Looking for general principles for debugging randomized programs, as well as any specific guidelines for doing it in Python.
As example consider the following implementation of insertion in Skip Lists:
#inserts key into the lowest level list and then promotes it upwards based on coin flips
def insert(self,key):
new_node = SkipListNode()
new_node.val = key
#insert in order in the lowest list
self.orderedInsert(new_node,self.search(key,True))
flip = random.randint(0,1)
level = 0
level_node= new_node
#promote upwards based on coin flips
while flip == 1:
level_up_node = SkipListNode()
level_up_node.val = key
#see if an upper level exists, if not create it
if(len(self.lists)-1<=level):
...
#upper level exists, move back find the first element with an up
#insert new node as it's next
else:
...
...
level +=1
flip = random.randint(0,1)
Here insert
depends on random coin flips. So a bug in that function becomes hard to detect because it may or may not appear in each run. How do we simplify debugging in this case?

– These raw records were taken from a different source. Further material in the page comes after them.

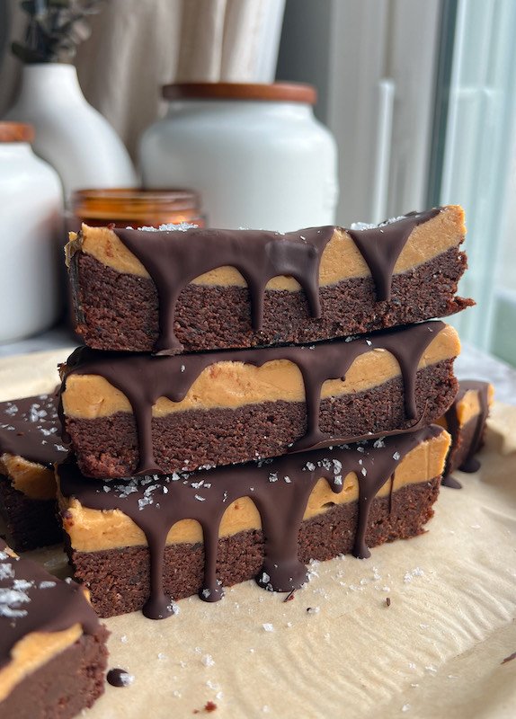 - make the peanut butter layer – in a bowl, mix peanut butter, lakanto powdered sugar, vanilla extract, and a pinch of salt until smooth. spread evenly over the brownie base. return to the freezer for at least 45 minutes. then, cut into 8 large bars.
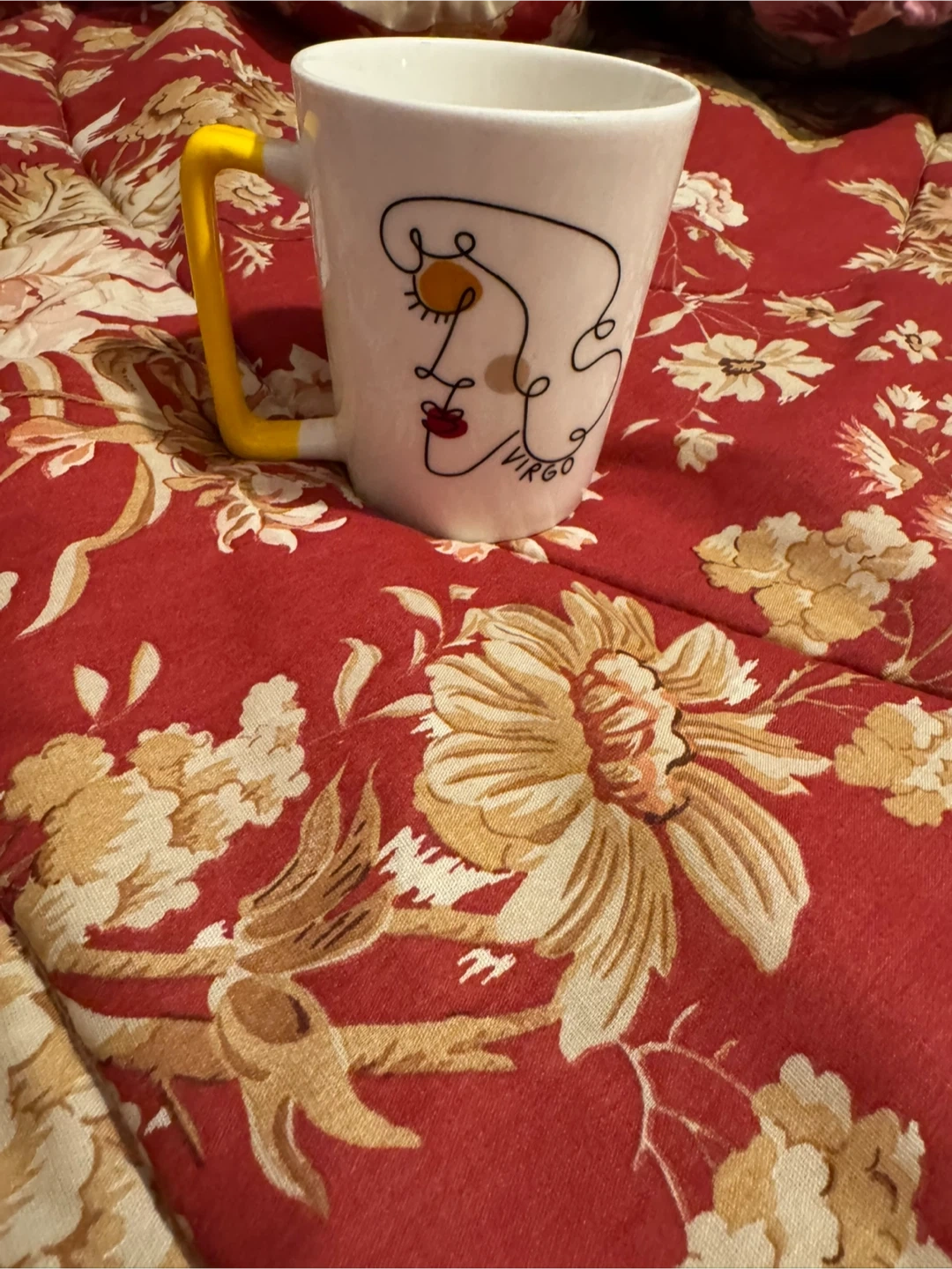 This white ceramic mug features an abstract line drawing of a face with the word 'VIRGO' inscribed. It has a bright yellow, uniquely shaped handle. It's perfect for enjoying your morning coffee or tea!
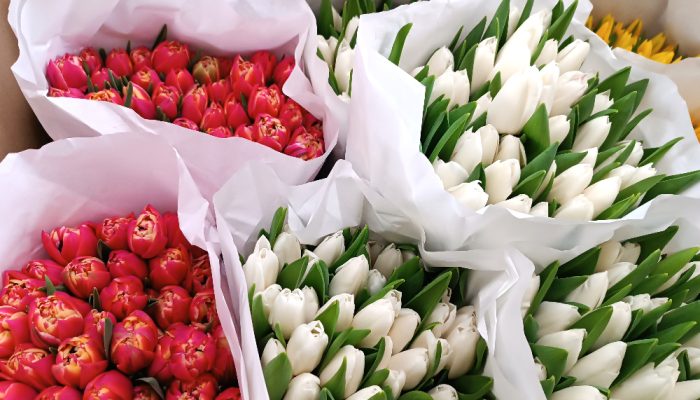 Более экономный вариант — цветы из овощных киосков. Там 5 шт. можно приобрести из 450-500 руб., но нет выбора: красные или желтые. Те же, что по дороже, разнообразны на оттенки: белые, розовые, малиновые, бордовые, фиолетовые, оранжевые пестрые — двухцветные и т.д.
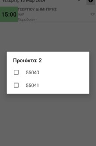 Όταν μας έχει ανατεθεί μια εργασία μπορούμε να δούμε πληροφορίες σχετικά με αυτήν πατώντας το βελάκι δεξιά και επιλέγοντας «Σχετικά Προϊόντα/Υπηρεσίες».
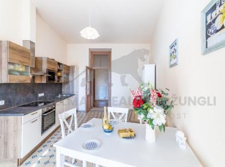 Byt je ve 4.patře s výtahem. Byt má plně vybavenou kuchyňskou linku - varná deska, digestoř, trouba, mikrovlnka, lednice, myčka, pračka se sušičkou. Byt je zařízen.
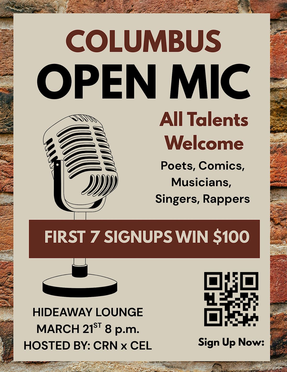 Hey everyone! Join us in person for the Columbus Open Mic!!! — a chill night where local talent takes the stage. Whether you wanna perform or just kick back and enjoy some awesome vibes, this is the spot. Bring your friends, your energy, and be ready for a great time filled with music, laughs, and good company. Can't wait to see you there!
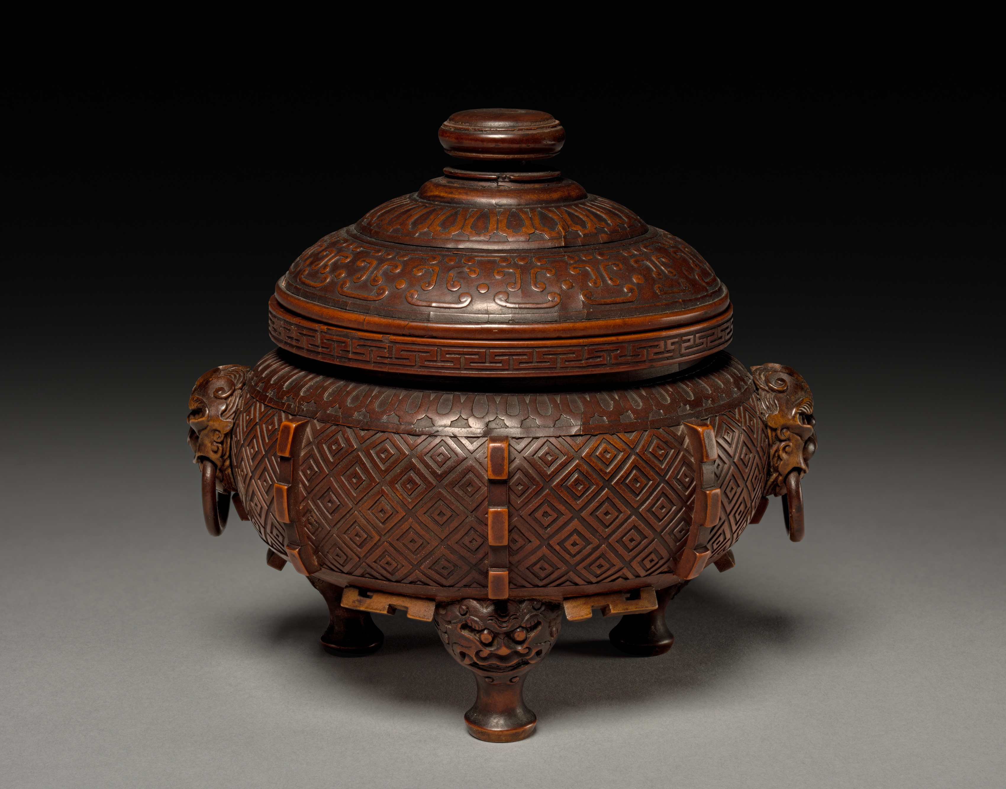 The Tripod with Cover by artist is a dark brown, wooden tripod vessel with a lid. The vessel has a round body with a wide mouth and a narrow base, resting on three short legs. The body features a diamond-shaped pattern etched into it, and there are two handles on either side, each depicting a creature's head with a long snout and curved horns. The lid is domed with a small knob on top and also features etched patterns. The background of the image is dark at the top and lightens towards the bottom.

As a general answer to the question "How do I debug a randomized algorithm":
First, you have to realize that the random number generator used by the random
module is a pseudo-random-number generator. It initializes itself with a seed (a starting number) and then uses that to deterministically generate a seemingly random sequence. If it were seeded again with the same initial number it would generate the same sequence.

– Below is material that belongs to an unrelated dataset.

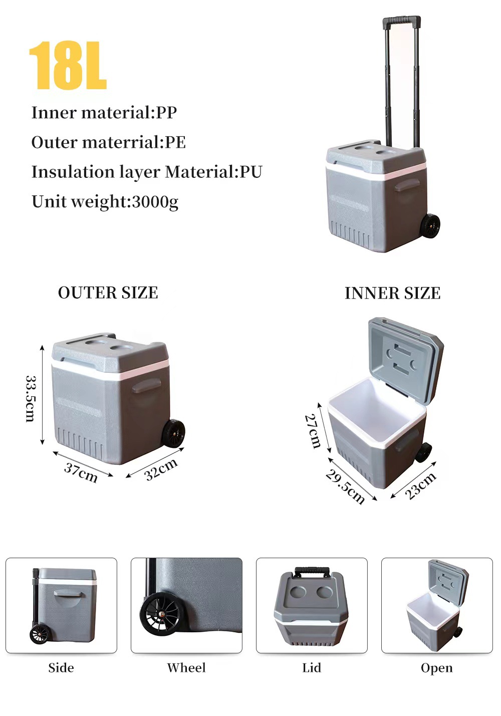 新款18L拉杆保温箱,采用PU发泡,产品尺寸为37*32*33.5cm,2个一箱。箱规64*38*36cm。
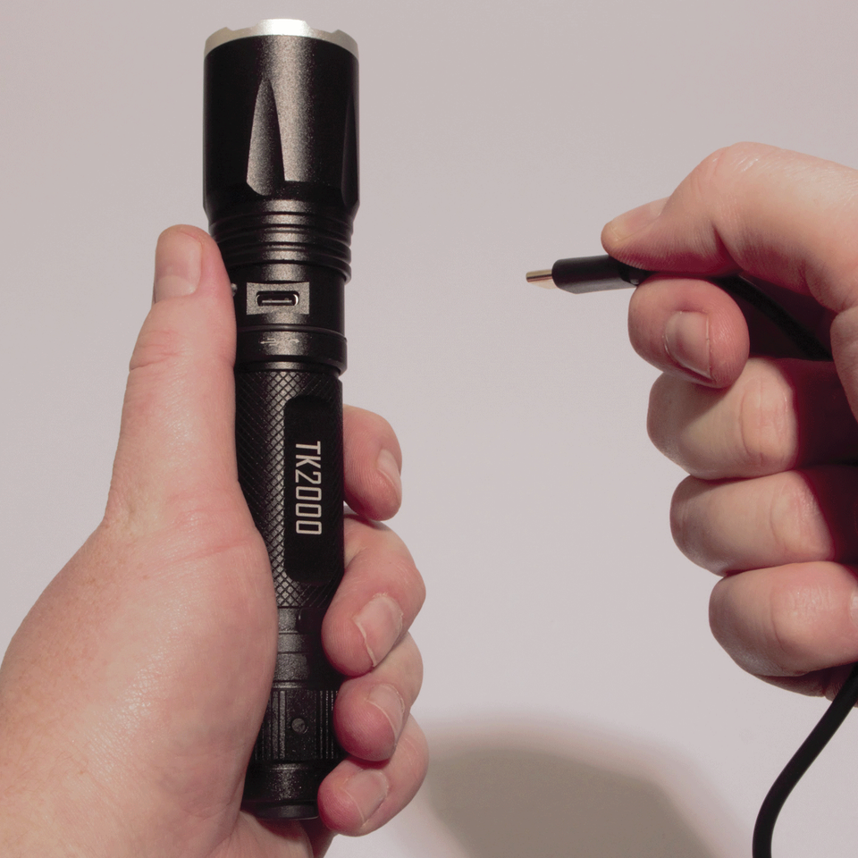 The ultimate LED tactical USB rechargeable flashlight kit. This flashlight offers 2000 lumens of bright light with a Made in USA CREE XHP50 LED chip. This super bright LED flashlight offers 3 different preset light modes (High, Low, Strobe). An adjustable zoom function comes in handy and delivers a wide-to-narrow light beam to focus in on objects up to 1000 feet away. The USB rechargeable flashlight offers a dual tail switch for instant activation and when the flashlight is powered off, simply hold down the small button to activate the strobe light. To recharge the flashlight, twist the head of the flashlight to access the charging port and insert the USB Type-C cable.

With this knowledge we can look at the documentation for random
and see that it does let you pick the seed yourself. It also tells you what it normally uses for the seed: https://docs.python.org/2/library/random.html#random.seed
So this gives us this code which you can put in your randomized algorithm:
import os
import time
import random
def init_rand(seed=None):
if seed is None:
try:
seed = os.urandom(8)
except NotImplementedError:
seed = time.time()
print 'seed: %s' % seed
random.seed(seed)
Now if you always call init_rand
before running your randomized algorithm, by default your algorithm will work the same as before except it will also tell you which seed it used. If you ever have a bug which you need to debug then you can just call init_rand
using the seed which generated the bug and you will get the exact same behavior, giving you 100% reproducibility.